Record excerpts:
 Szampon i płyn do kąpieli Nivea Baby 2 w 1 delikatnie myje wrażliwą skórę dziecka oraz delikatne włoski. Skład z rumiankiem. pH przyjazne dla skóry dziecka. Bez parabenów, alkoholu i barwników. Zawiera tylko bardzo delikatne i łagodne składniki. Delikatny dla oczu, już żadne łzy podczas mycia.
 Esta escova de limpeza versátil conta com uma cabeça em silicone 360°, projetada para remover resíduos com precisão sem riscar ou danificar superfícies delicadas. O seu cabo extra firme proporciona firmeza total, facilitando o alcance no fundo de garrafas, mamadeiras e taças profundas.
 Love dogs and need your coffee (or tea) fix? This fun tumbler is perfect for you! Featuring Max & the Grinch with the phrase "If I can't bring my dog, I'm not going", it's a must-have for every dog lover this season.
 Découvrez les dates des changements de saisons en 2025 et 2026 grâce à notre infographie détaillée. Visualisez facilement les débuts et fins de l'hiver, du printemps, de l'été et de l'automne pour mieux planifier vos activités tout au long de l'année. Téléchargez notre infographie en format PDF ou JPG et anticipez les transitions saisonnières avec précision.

---

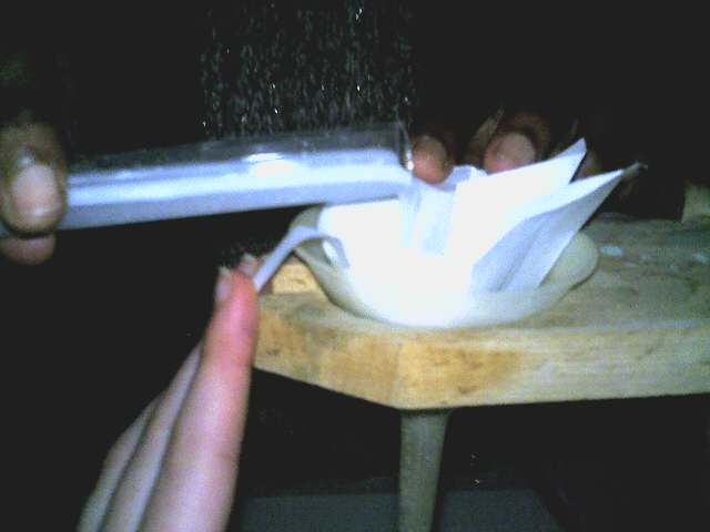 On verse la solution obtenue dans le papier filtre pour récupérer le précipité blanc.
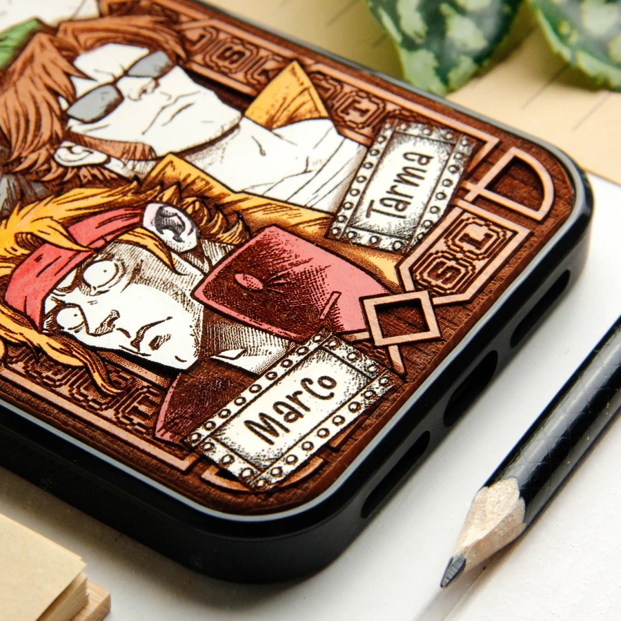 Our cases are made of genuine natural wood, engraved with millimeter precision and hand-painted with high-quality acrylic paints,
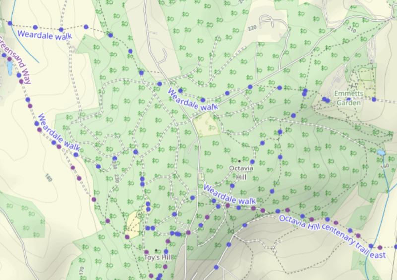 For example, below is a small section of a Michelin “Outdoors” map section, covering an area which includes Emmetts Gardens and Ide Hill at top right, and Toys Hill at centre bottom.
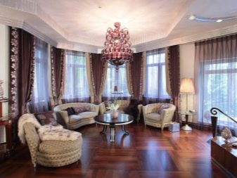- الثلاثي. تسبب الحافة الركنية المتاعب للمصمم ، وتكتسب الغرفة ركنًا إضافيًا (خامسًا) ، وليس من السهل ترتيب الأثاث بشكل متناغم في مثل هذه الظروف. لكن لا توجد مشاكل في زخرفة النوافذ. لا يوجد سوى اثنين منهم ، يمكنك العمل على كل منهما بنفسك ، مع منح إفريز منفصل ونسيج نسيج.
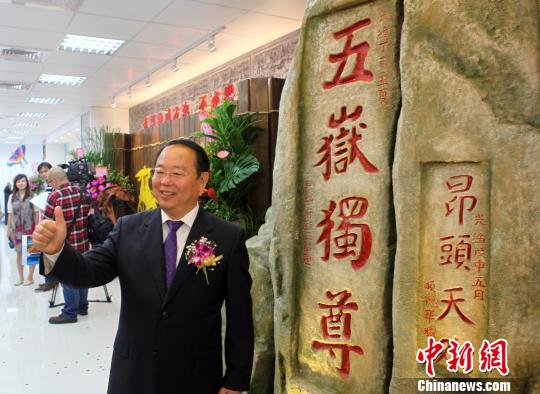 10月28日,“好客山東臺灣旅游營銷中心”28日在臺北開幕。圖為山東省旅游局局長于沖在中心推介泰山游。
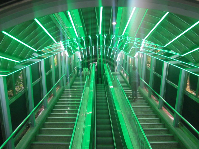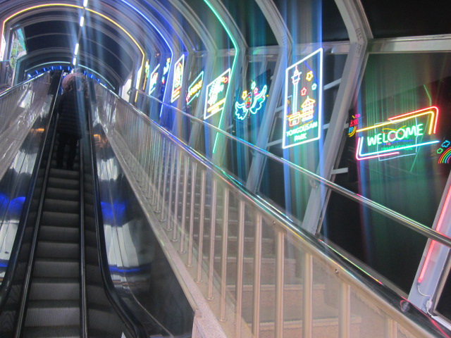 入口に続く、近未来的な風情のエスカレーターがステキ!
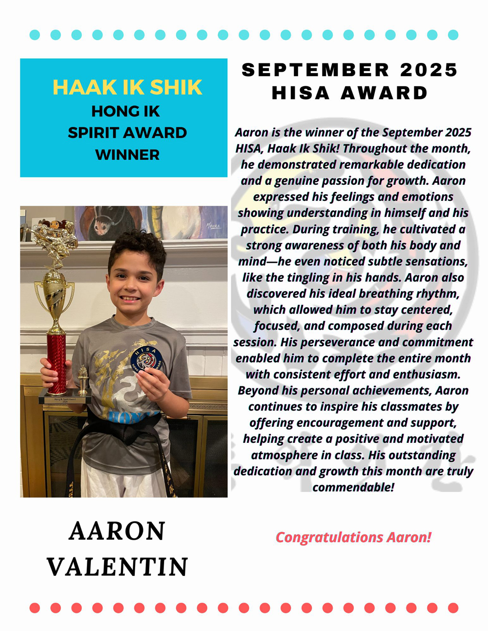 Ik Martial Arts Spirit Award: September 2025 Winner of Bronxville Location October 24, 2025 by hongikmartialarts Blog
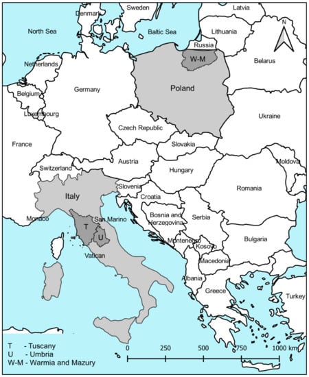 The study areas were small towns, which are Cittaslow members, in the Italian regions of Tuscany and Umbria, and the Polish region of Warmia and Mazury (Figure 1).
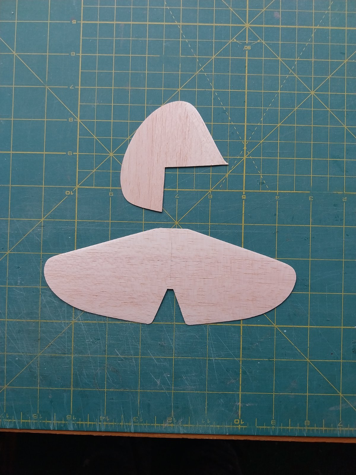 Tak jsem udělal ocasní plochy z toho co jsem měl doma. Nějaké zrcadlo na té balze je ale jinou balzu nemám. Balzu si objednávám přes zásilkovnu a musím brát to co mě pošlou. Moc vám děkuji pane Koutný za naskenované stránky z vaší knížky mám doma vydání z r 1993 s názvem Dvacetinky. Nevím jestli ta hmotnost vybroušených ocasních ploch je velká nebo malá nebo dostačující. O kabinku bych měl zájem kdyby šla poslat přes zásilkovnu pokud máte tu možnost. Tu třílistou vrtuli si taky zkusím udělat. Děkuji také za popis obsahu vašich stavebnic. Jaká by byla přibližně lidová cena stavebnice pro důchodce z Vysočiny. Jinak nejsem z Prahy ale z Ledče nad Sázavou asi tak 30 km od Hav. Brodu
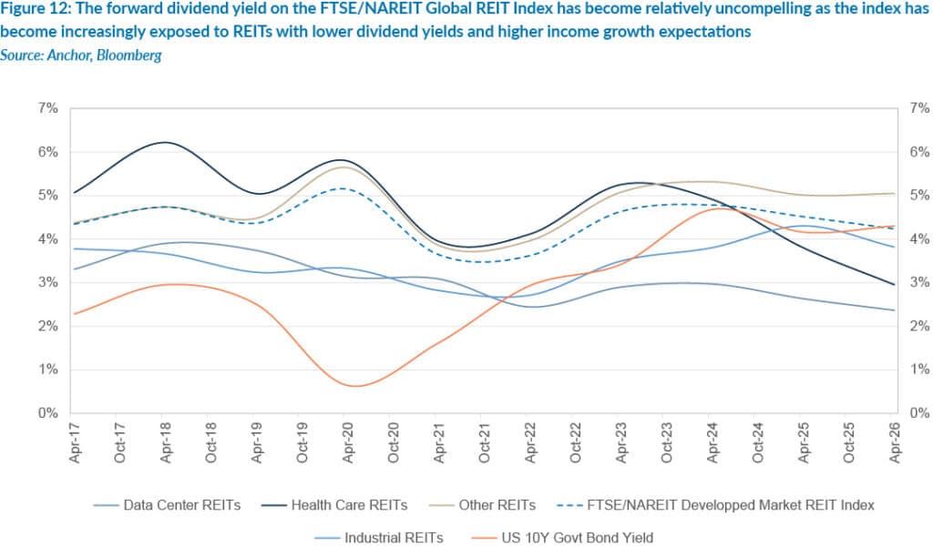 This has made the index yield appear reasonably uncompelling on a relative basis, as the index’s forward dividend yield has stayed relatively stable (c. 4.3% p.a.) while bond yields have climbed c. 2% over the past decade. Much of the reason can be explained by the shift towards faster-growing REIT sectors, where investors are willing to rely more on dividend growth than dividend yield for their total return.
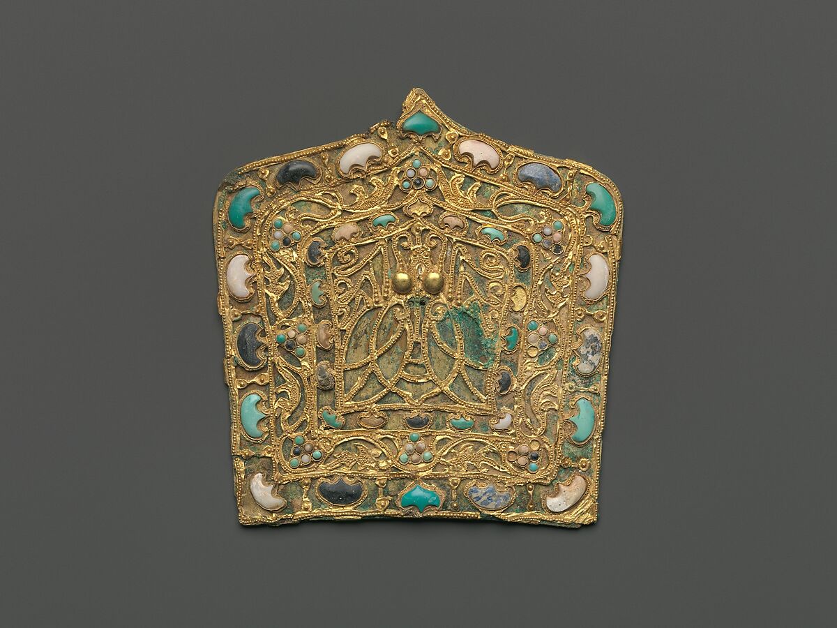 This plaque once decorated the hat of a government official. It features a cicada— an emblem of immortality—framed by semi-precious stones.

Task objective:
In the listing above, find the line containing "Esta escova de" and the line containing "Découvrez les dates", then repeat those two lines and everything between them exactly.

Final answer:
 Esta escova de limpeza versátil conta com uma cabeça em silicone 360°, projetada para remover resíduos com precisão sem riscar ou danificar superfícies delicadas. O seu cabo extra firme proporciona firmeza total, facilitando o alcance no fundo de garrafas, mamadeiras e taças profundas.
 Love dogs and need your coffee (or tea) fix? This fun tumbler is perfect for you! Featuring Max & the Grinch with the phrase "If I can't bring my dog, I'm not going", it's a must-have for every dog lover this season.
 Découvrez les dates des changements de saisons en 2025 et 2026 grâce à notre infographie détaillée. Visualisez facilement les débuts et fins de l'hiver, du printemps, de l'été et de l'automne pour mieux planifier vos activités tout au long de l'année. Téléchargez notre infographie en format PDF ou JPG et anticipez les transitions saisonnières avec précision.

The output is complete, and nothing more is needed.